No API key needed — runs entirely on your machine.

## Smart Session Classification

CodeLedger doesn't waste tokens on tiny changes. It classifies each session to calibrate documentation depth:

| Type | When | Token Budget | What Happens |
|------|------|-------------|--------------|
| **Trivial** | <2 files, <30 lines | 0 | Deferred and batched |
| **Minor** | <5 files, <150 lines | ~1.5K | Micro-doc generated |
| **Standard** | <15 files, <500 lines | ~5K | Full documentation |
| **Major** | 15+ files, 500+ lines | ~8K | Comprehensive deep-dive |
| **Refactor** | Many deletes + creates | ~3K | Refactor-focused analysis |

Trivial sessions are automatically deferred and batched until they accumulate enough significance — so you only pay for docs when they matter.

## No Git Required

CodeLedger uses its own **Snapshot Engine** — SHA-256 hashing of file contents for change detection.

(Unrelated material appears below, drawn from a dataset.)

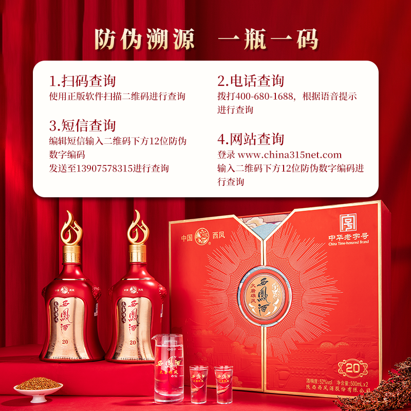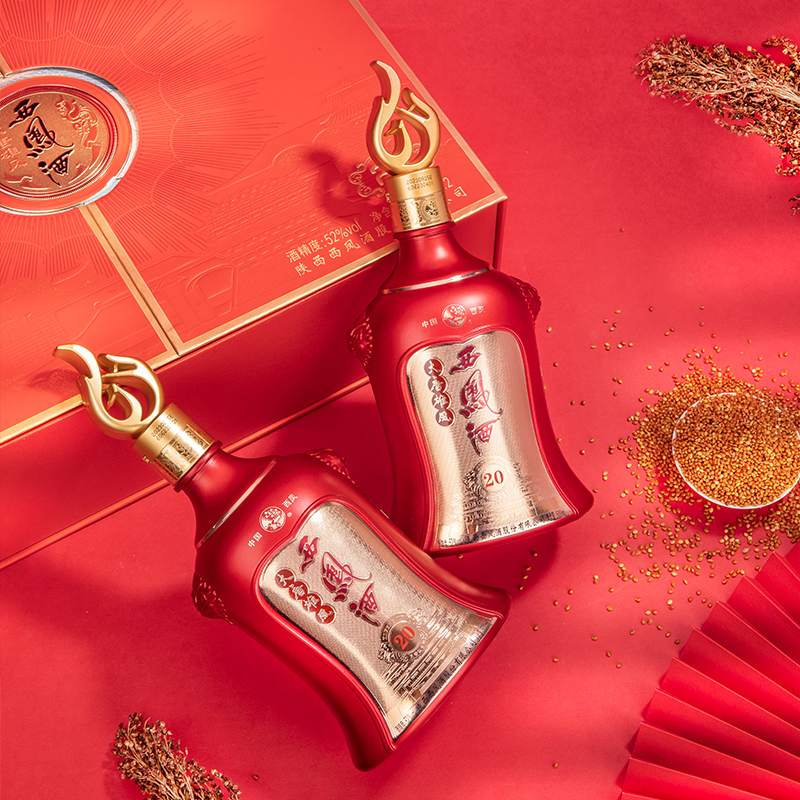 西凤酒52度20年品鉴凤香型纯粮食酒白酒礼盒装高档送礼500mLx2瓶
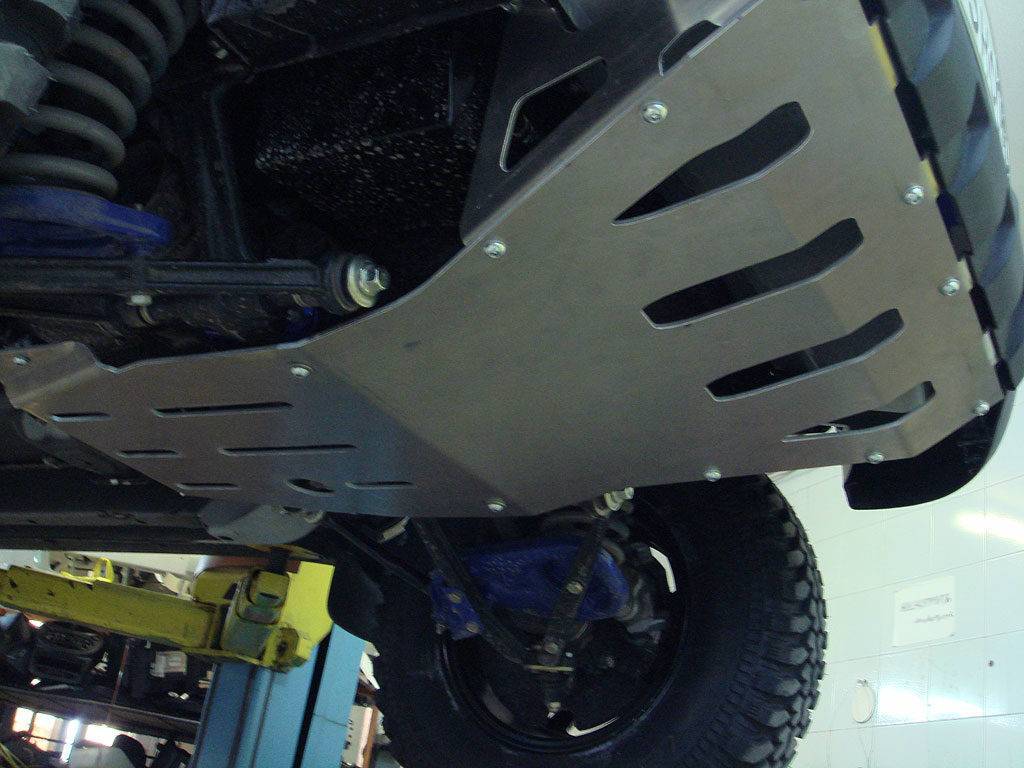 - Алюминий. В отличие от стали, на алюминиевой защите не штампуют ребер жесткости, однако это не мешает ей составить достойную конкуренцию стали, вес которой значительно выше, чем у алюминия. Стоит алюминиевая защита достаточно дорого.

Git is completely optional.

This means it works for:

- Projects without version control
- Quick prototypes and experiments
- Environments where git isn't available
- Vibe coding sessions where you just want to build

## What Gets Documented

Each generated doc includes up to 9 configurable sections:

| Section | What It Captures |
|---------|-----------------|
| **Phase Execution Summary** | What was built and current status |
| **Code Architecture** | File tree and structural overview |
| **Decision Rationale** | Why things were built this way |
| **Component Logic** | How non-obvious parts work |
| **Integration & Data Flow** | How components connect |
| **Edge Cases & Error Handling** | Boundary conditions and failure modes |
| **Interview & Learning Notes** | Q&A format insights |
| **Technical Debt** | Known issues and future work |
| **Quick Reference** | Common commands and entry points |

Sections are prioritized (P1/P2/P3) and automatically trimmed to fit your token budget.

## Architecture

```
src/codeledger/
├── config/          # Pydantic schema, YAML loader, 7 presets
├── scanner/         # File scanner, snapshot engine, dependency resolver, Change DAG
├── parser/          # Python AST parser + regex fallback for JS/TS, Java, Go, Rust
├── classifier/      # Rule-based session classification with deferred batching
├── compressor/      # Token compression and budget-aware scope trimming
├── generator/       # Prompt builder, model router, API + local clients
├── postprocess/     # Output validation, formatting, file management
├── merge/           # Multi-doc extraction, deduplication, merge engine
├── templates/       # 4 prompt templates + 2 Jinja2 output templates
└── cli.py           # Typer CLI entry point
```

**Key design decisions:**
- **No git dependency** — Snapshot engine uses SHA-256 hashing
- **Change DAG** — Dependency graph propagation for token-efficient scoping
- **Budget-aware pipeline** — Every stage respects the configured token limit
- **Validation layer** — Catches hallucinated file paths, checks section coverage

## Development

```bash
git clone https://github.com/codeledger/codeledger.git
cd codeledger
pip install -e ".[dev]"

pytest                          # Run tests
ruff check src/ tests/          # Lint
ruff format src/ tests/         # Format
mypy src/codeledger/             # Type check
```

## Roadmap

- [x] Core pipeline (scan → parse → classify → compress → generate)
- [x] Snapshot engine (git-free change detection)
- [x] Change DAG with dependency propagation
- [x] Session classifier with deferred batching
- [x] Multi-model support (Anthropic, OpenAI, Ollama)
- [x] Merge engine with deduplication
- [ ] File watcher mode for automatic triggers
- [ ] Tree-sitter parsers for deeper JS/TS and Java analysis
- [ ] MkDocs documentation site
- [ ] VS Code extension

## License

[MIT](LICENSE) — Use it however you want.